It's not quite what the nation has been clamouring for. But the sight of Kate Middleton on the cover of Hello gazing adoringly into the big brown eyes of the new addition to her family - cocker spaniel Lupo - might just be awe-inspiring enough to placate the demand for a human heir for a few months at least.
Yes, the puppy could be a public-quelling move. But it is possible that, keen for a baby (as the tabloids repeatedly assure us she is) but with a schedule and partly absent husband which make this year an infeasible time to get one, Kate has been advised that a puppy can provide similar emotional benefits.
That's certainly the conclusion of a number of psychologists the press have drafted in to analyse the motivation for the latest Windsor. If so, I wonder who gave Kate such advice. Judging by what I've seen in the last year, it's likely to have been a mum who knows how it feels to finally accept, once and for all, that you're not having any more babies.

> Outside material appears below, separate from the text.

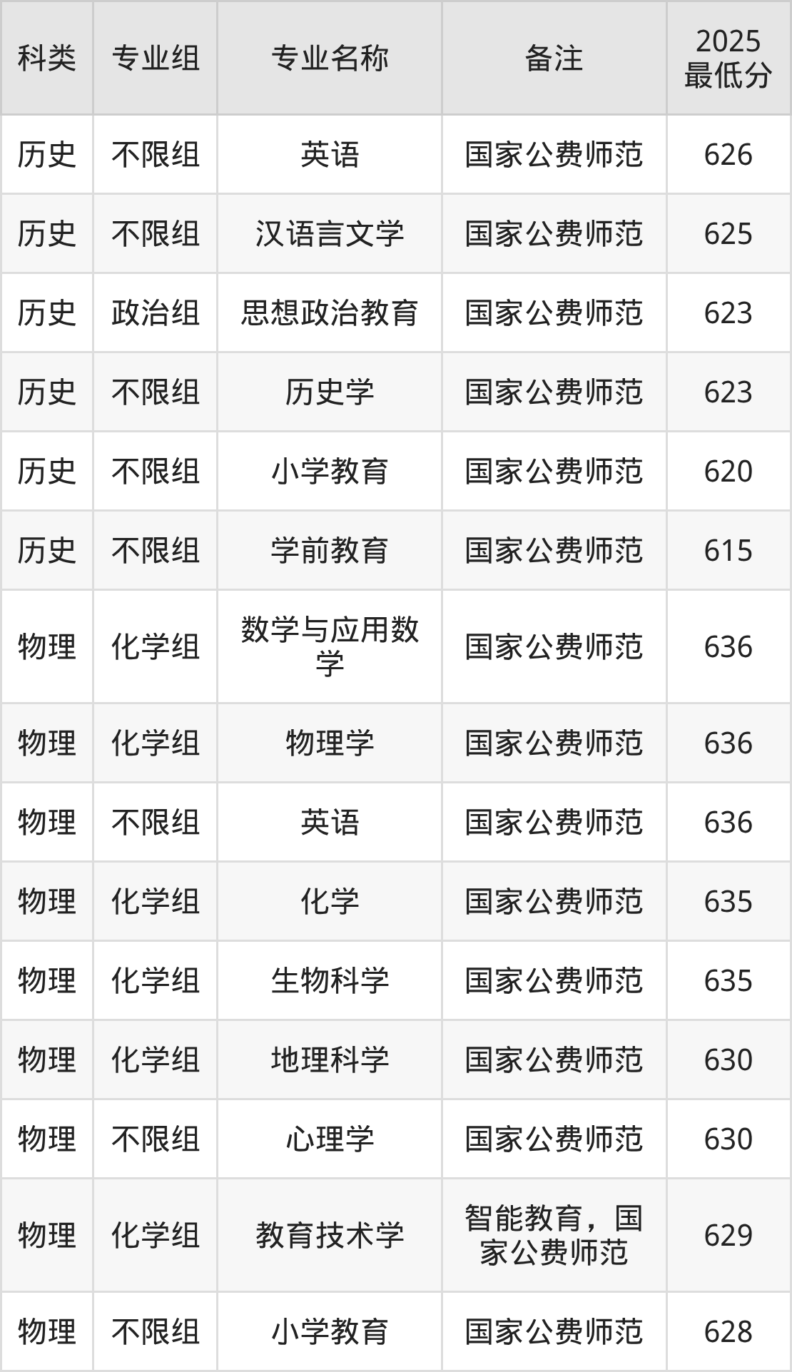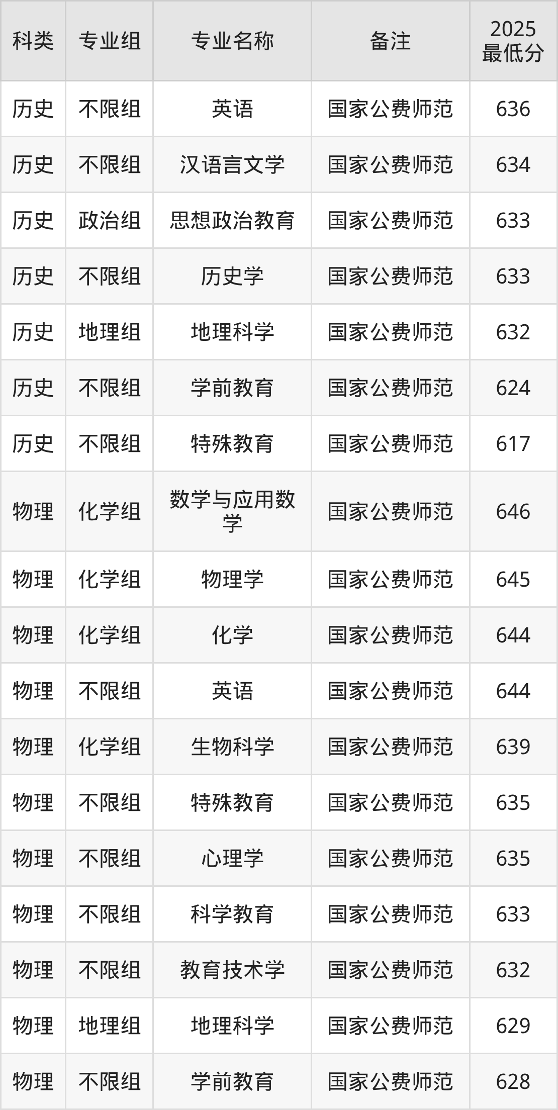 (1)东北师范大学:最低615分-636分

Three friends of mine have bought puppies in the last six months. None of them had ever mentioned the idea of getting a dog while their youngest children were still toddlers. Now that I come to think of it, in all three cases, the subject only came up after their youngest started primary school last summer.
Losing your 'last' child to the big bad world of school, knowing the slow separation which such a step brings, is a tough time for many mums. The idea that you will never again curl up with a little one cradled into your belly, their breath synchronised with yours, is hard to take.
You begin to dwell on what feels like a cruelly brief time in your life when your knee-high disciple instinctively grabbed your hand the minute you opened the front door and spent most of the ensuing walk gazing up at you adoringly, the idea of questioning your great wisdom and ability to solve all problems of the universe never occurring. The days when a hug from you cured everything from a bad dream or a sore leg to a disappointing Kinder egg.
Yes, there may one day be grandchildren, but that's a helluva wait. And truthfully, it's not the same. They will never be 'yours' in the same way.
Having spent many hours miserably musing over such thoughts, I fully understand the attraction of buying a dog at this point in your life.
As one of my friends said of her new terrier, she's just like my baby, except she'll never grow out of her unconditional love for me, she'll always jump up and down with excitement when I come home, and she'll never be embarrassed when I cuddle her in public.
This friend spends most night watching TV with her dog's head happily resting on her thigh, her two growing daughters playing in their room upstairs. My husband thinks she's crazy but I understand her new-found content- ment. So much so I'm beginning to seriously consider launching the torturous process of persuading him - not an animal lover - to agree to a hairy new addition to our family in the near future.
And for every person (almost always a man oddly) who's informed me that emotional substitutes aren't healthy, I say, if there's a way to fill a hole, why not grab a spade? So enjoy your puppy, Kate - for you, the best has yet to come.